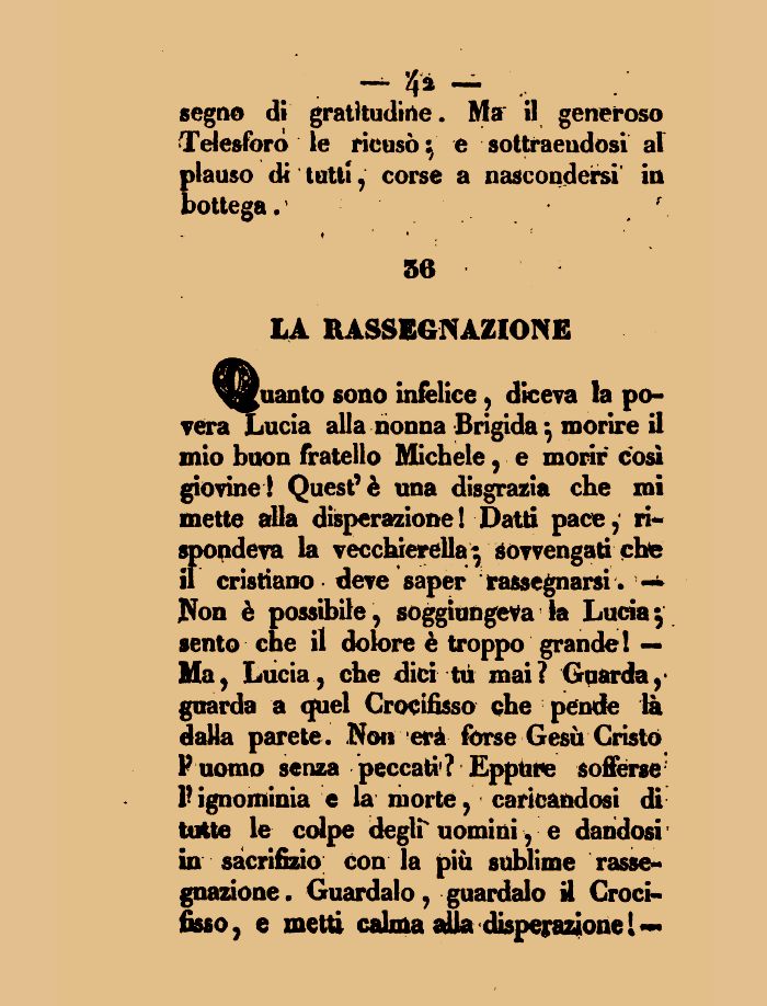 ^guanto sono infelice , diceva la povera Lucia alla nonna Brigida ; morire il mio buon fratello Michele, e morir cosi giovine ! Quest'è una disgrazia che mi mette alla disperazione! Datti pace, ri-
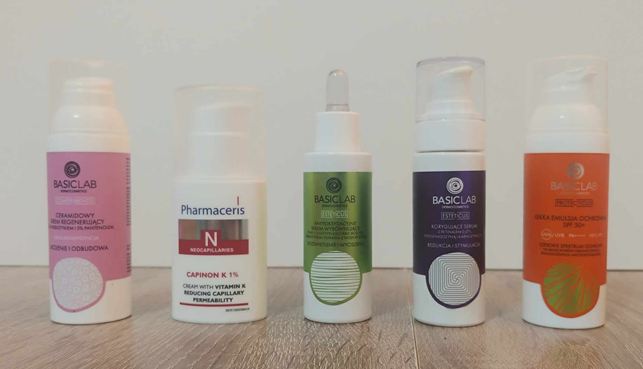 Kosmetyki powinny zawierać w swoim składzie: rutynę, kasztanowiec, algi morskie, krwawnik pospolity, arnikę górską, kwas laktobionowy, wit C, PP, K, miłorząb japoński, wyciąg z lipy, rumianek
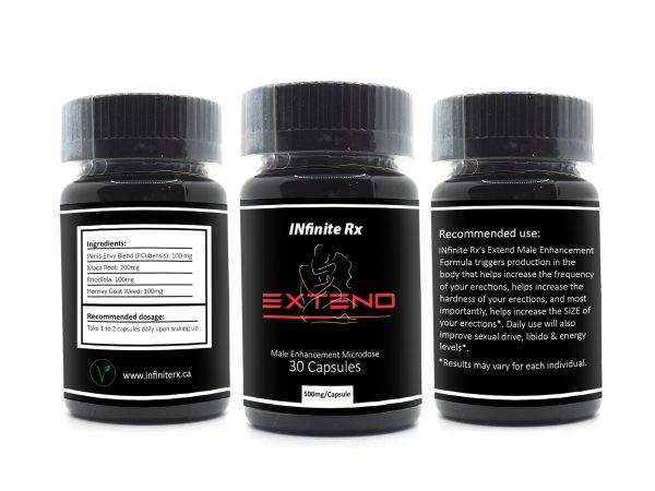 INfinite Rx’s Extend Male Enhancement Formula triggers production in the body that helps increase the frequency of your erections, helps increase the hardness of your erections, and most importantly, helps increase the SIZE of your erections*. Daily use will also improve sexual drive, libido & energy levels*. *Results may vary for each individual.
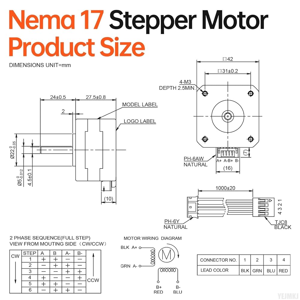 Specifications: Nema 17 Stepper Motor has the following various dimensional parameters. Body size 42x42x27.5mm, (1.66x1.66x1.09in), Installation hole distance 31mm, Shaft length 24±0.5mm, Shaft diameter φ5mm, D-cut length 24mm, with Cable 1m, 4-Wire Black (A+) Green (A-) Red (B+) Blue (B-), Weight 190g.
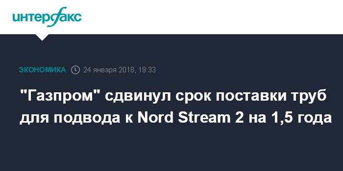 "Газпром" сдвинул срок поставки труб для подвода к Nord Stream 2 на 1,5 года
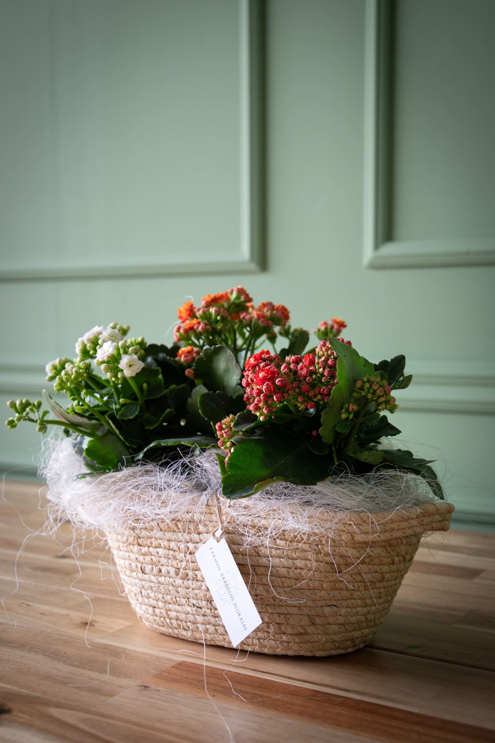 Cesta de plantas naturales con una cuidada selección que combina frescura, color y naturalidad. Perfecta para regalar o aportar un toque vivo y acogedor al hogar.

> [What you will do]: Repeat the listing word for word, and skip every picture it contains.

> [Answer box]:
 ^guanto sono infelice , diceva la povera Lucia alla nonna Brigida ; morire il mio buon fratello Michele, e morir cosi giovine ! Quest'è una disgrazia che mi mette alla disperazione! Datti pace, ri-
 Kosmetyki powinny zawierać w swoim składzie: rutynę, kasztanowiec, algi morskie, krwawnik pospolity, arnikę górską, kwas laktobionowy, wit C, PP, K, miłorząb japoński, wyciąg z lipy, rumianek
 INfinite Rx’s Extend Male Enhancement Formula triggers production in the body that helps increase the frequency of your erections, helps increase the hardness of your erections, and most importantly, helps increase the SIZE of your erections*. Daily use will also improve sexual drive, libido & energy levels*. *Results may vary for each individual.
 Specifications: Nema 17 Stepper Motor has the following various dimensional parameters. Body size 42x42x27.5mm, (1.66x1.66x1.09in), Installation hole distance 31mm, Shaft length 24±0.5mm, Shaft diameter φ5mm, D-cut length 24mm, with Cable 1m, 4-Wire Black (A+) Green (A-) Red (B+) Blue (B-), Weight 190g.
 "Газпром" сдвинул срок поставки труб для подвода к Nord Stream 2 на 1,5 года
 Cesta de plantas naturales con una cuidada selección que combina frescura, color y naturalidad. Perfecta para regalar o aportar un toque vivo y acogedor al hogar.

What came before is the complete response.